This is one of the earlier entries in the “Do the whole lot” BBC Shakespeare project of the late seventies and early eighties and is, accordingly, the subject of many complaints.  These Cedric Messina era productions were widely condemned for their stodginess, unimaginative staging and hyped up “heritage” signposting.

That said, this David Giles directed version is satisfyingly “stagy” in useful ways, eschewing the filmic pretensions of the earlier As You Like It and focusing on lavish indoor sets.  The costumes are perhaps tediously authentic, with rather stained efforts to make Henry IV himself and Prince Hal look exactly like their familiar portraits.

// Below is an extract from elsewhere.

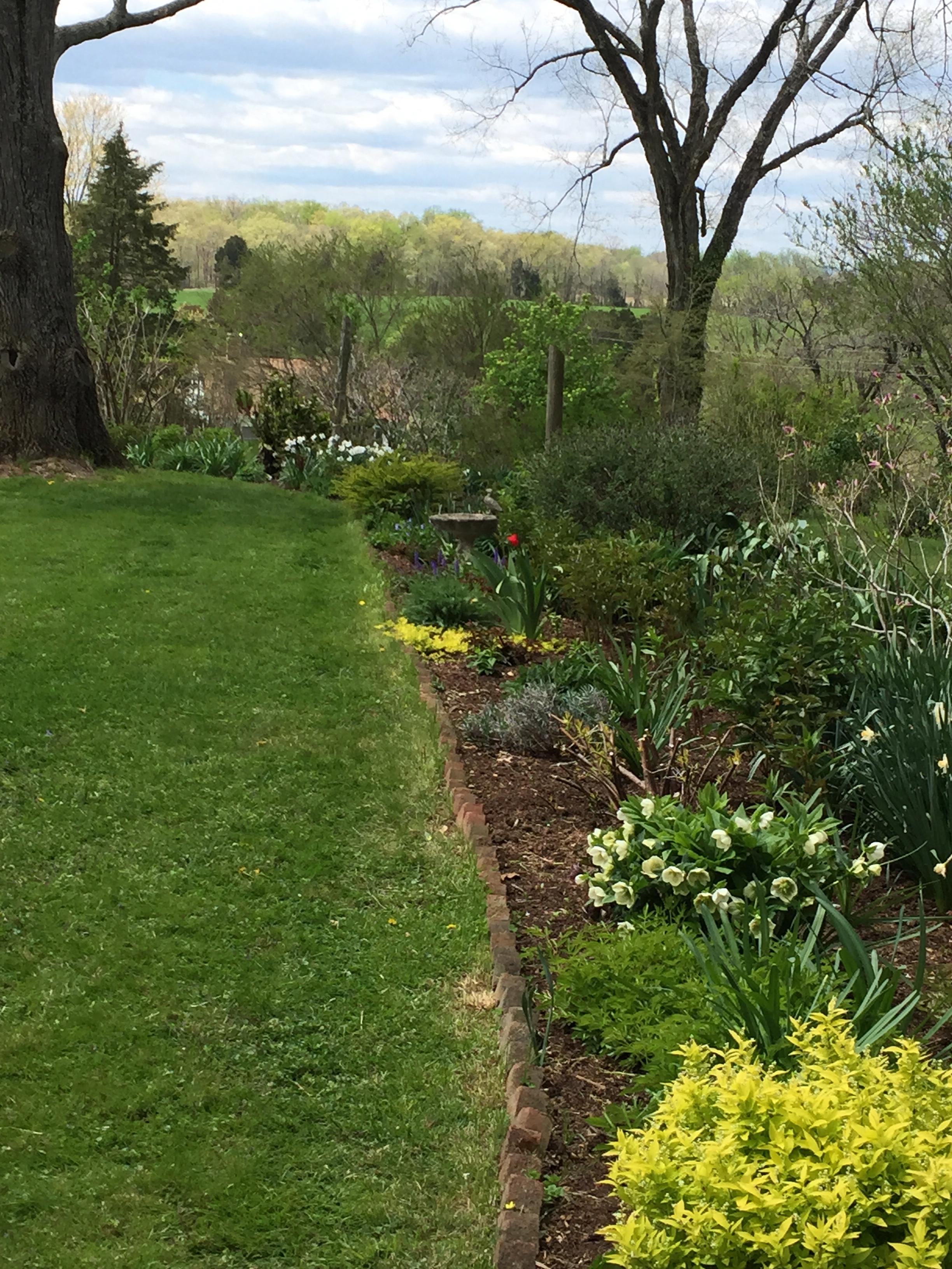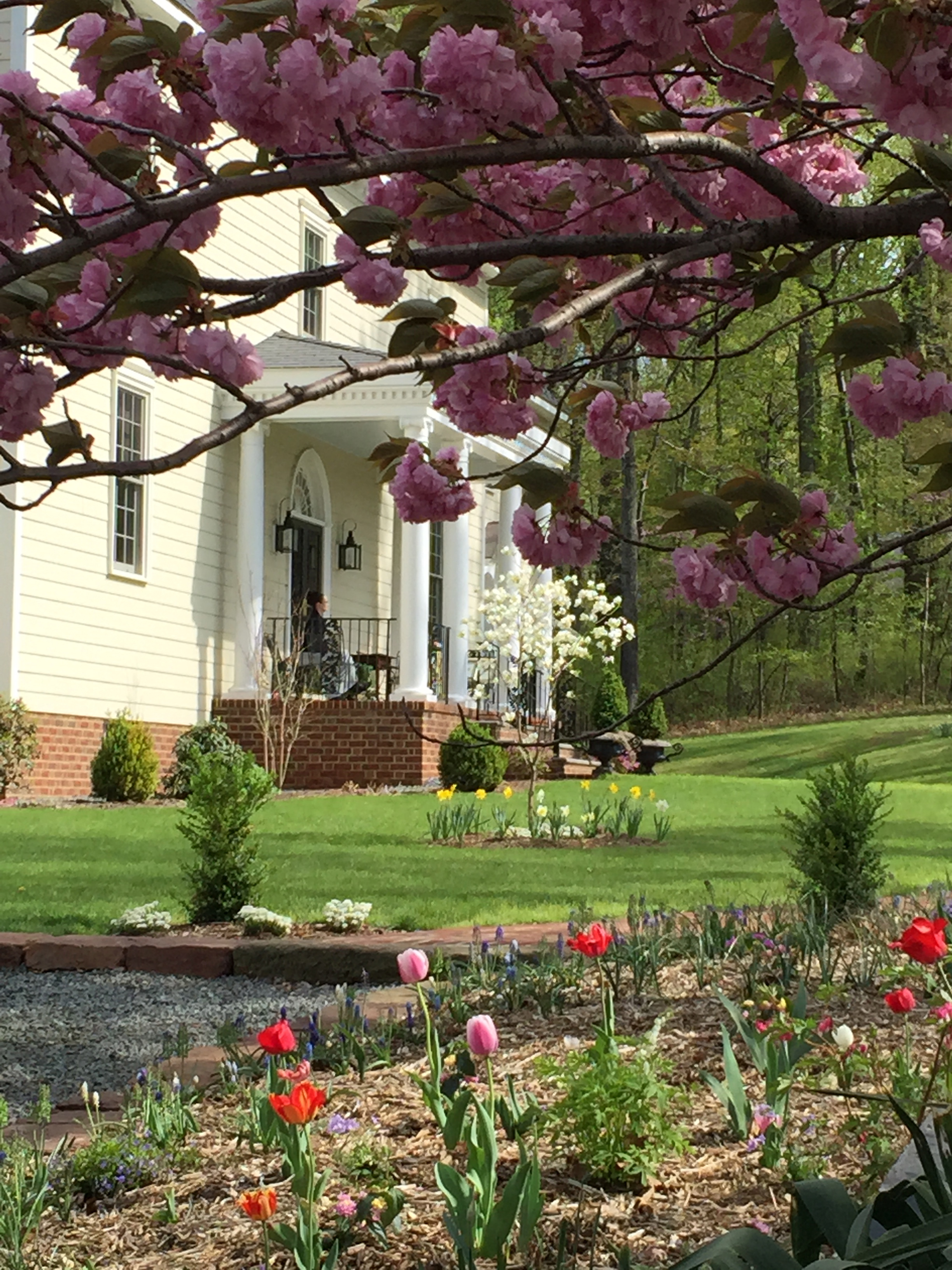 It’s been a while since I’ve added any news, but the truth is I hunkered down through the winter months and got a fair amount of writing and painting done. I knew I would have more to say once the wild daffodils sprang up by the old well on our property. I waited and watched for them. The plan was to take a picture and post it. Just one. That idea, however, got trumped by all the flowers I photographed today on the Warrenton Historic Garden Tour. This tour is part of the larger Garden Club of Virginia Historic Garden Week. All I had to do was drive down our 1.5 mile gravel road and the beautiful homes on the tour were all within a mile or less as the crow flies. The event was very well organized with plenty of docents (some friends I hadn’t seen all winter!) who were well informed regarding the details of every room in each house.

Despite the fact that Henry IV is very much about national and regional differences, there is no organised attempt to deploy different accents in this production.  Tim Piggott-Smith’s Hotspur has as posh a voice as anyone else in this production, despite references in Part II to his “speaking thick” and the obvious opportunity that most actors and directors happily embrace to give him an accent that bespeaks his Northern background. John Cairney, though Scottish, does not even try to sound Scottish as  Douglas, the martial Scot (a character who is never referenced without his Scottishness being mentioned), while Richard Owens offers us one of the worst Welsh accents you’ve heard in your entire life.

The Battle of Shrewsbury, despite being filmed on a dry-iced indoor set, is rather chilling and the single combat between Hal and Hotspur is surprisingly bloody and visceral.

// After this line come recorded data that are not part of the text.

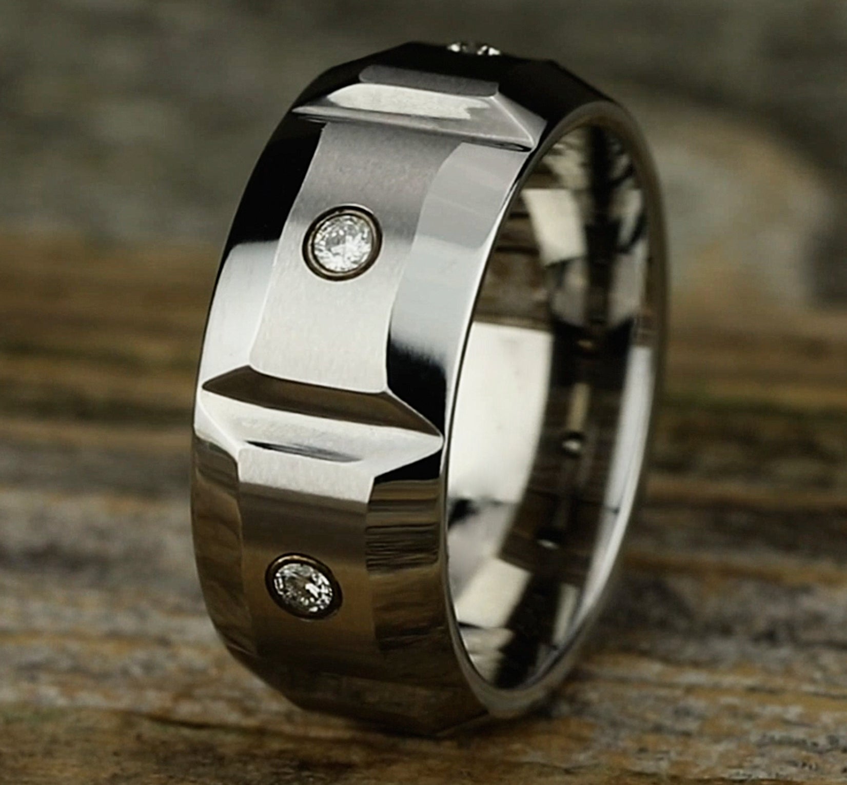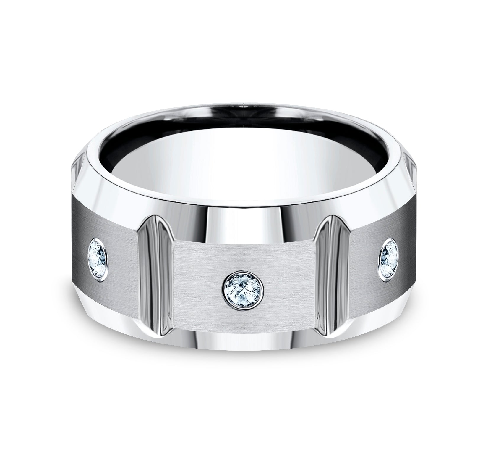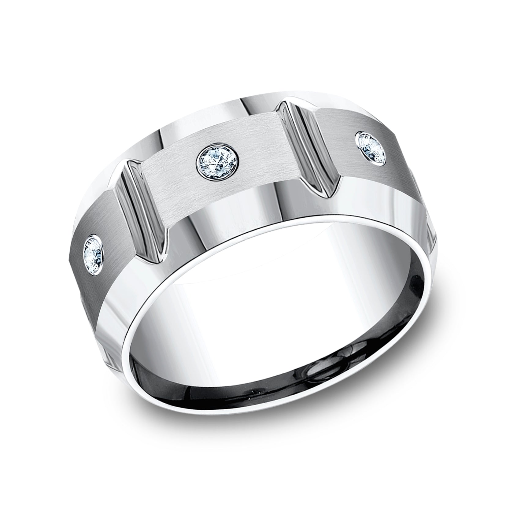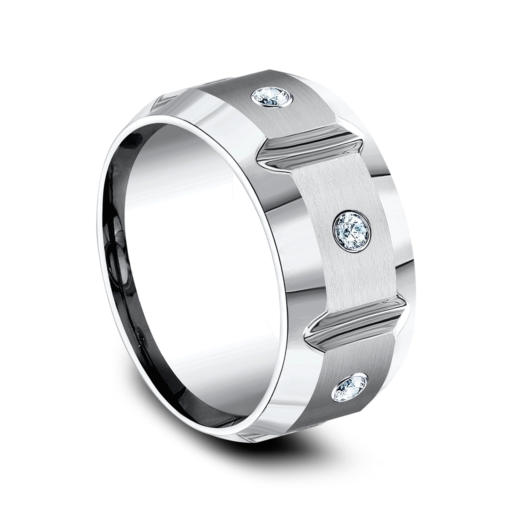10mm, Comfort fit White Cobalt Satin finish with deep segmented cuts 3 burnish set diamonds Carat weight is .18ct Clarity SI1-2, Color GH
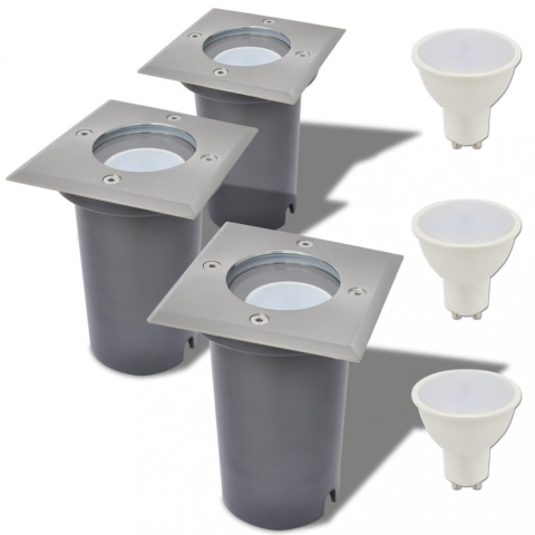 1 kép vidaXL 3 db négyzet alakú, kültéri talajba építhető LED lámpa
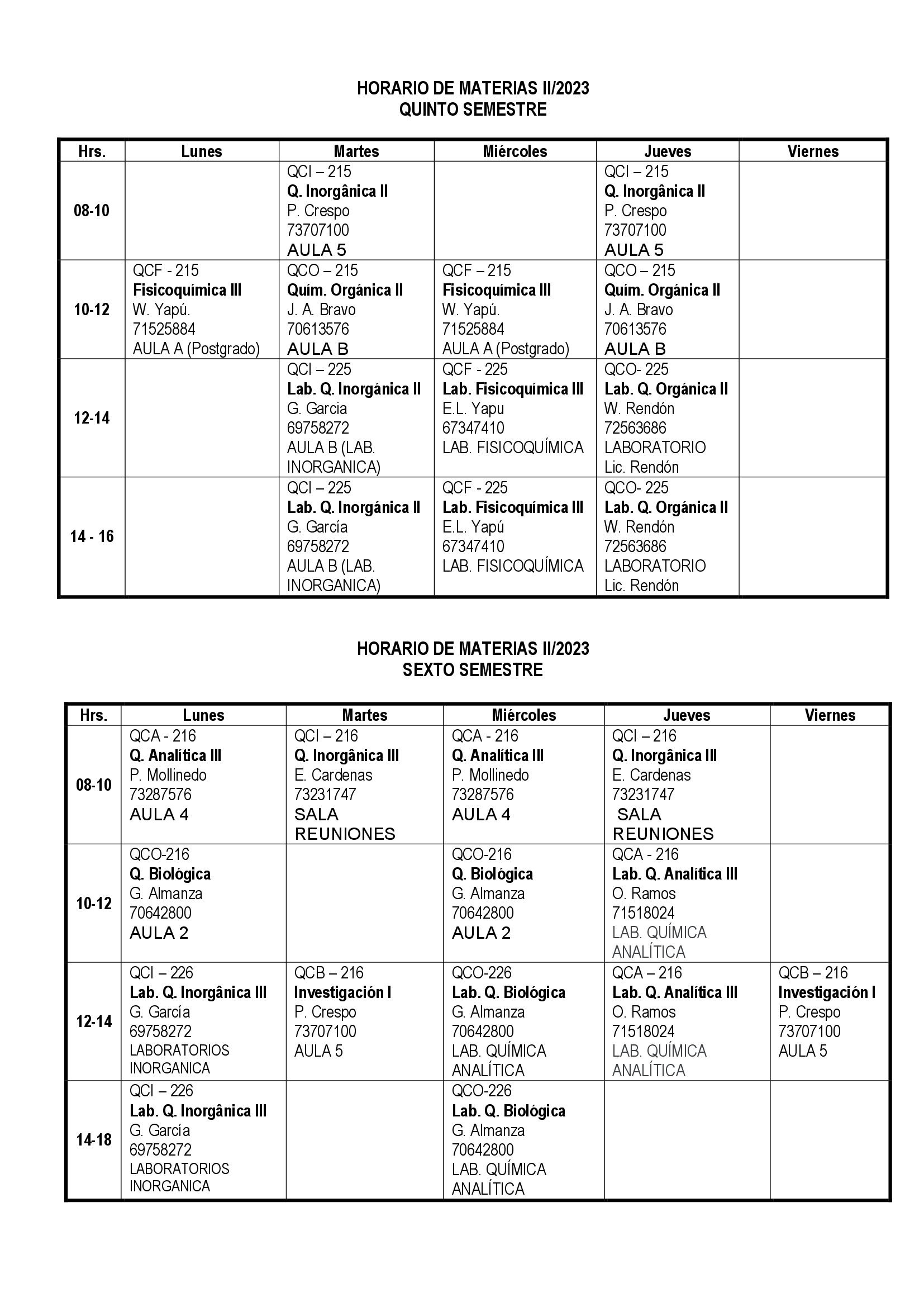 Calendario Academico (Plan 2017) - CARRERA DE CIENCIAS QUÍMICAS

Given the stolid nature of the production design, commentary focuses inevitably on individual performances.  Jon Finch (star of Hitchcock’s Frenzy and Polanski’s Macbeth) does well enough as the irritable and irritating titular monarch.  Bolinbroke never has much fun as king and, as a usurper, he’s constantly restless on his uncomfortable throne.  Accordingly Finch’s Henry fidgets continually, often readjusting a ring on his finger.  He is always ineffectually bullying and repetitively querulous, but in his longest scene with Hal, quite movingly surprised and delighted by the possibility that Hal might be something other than common report makes him.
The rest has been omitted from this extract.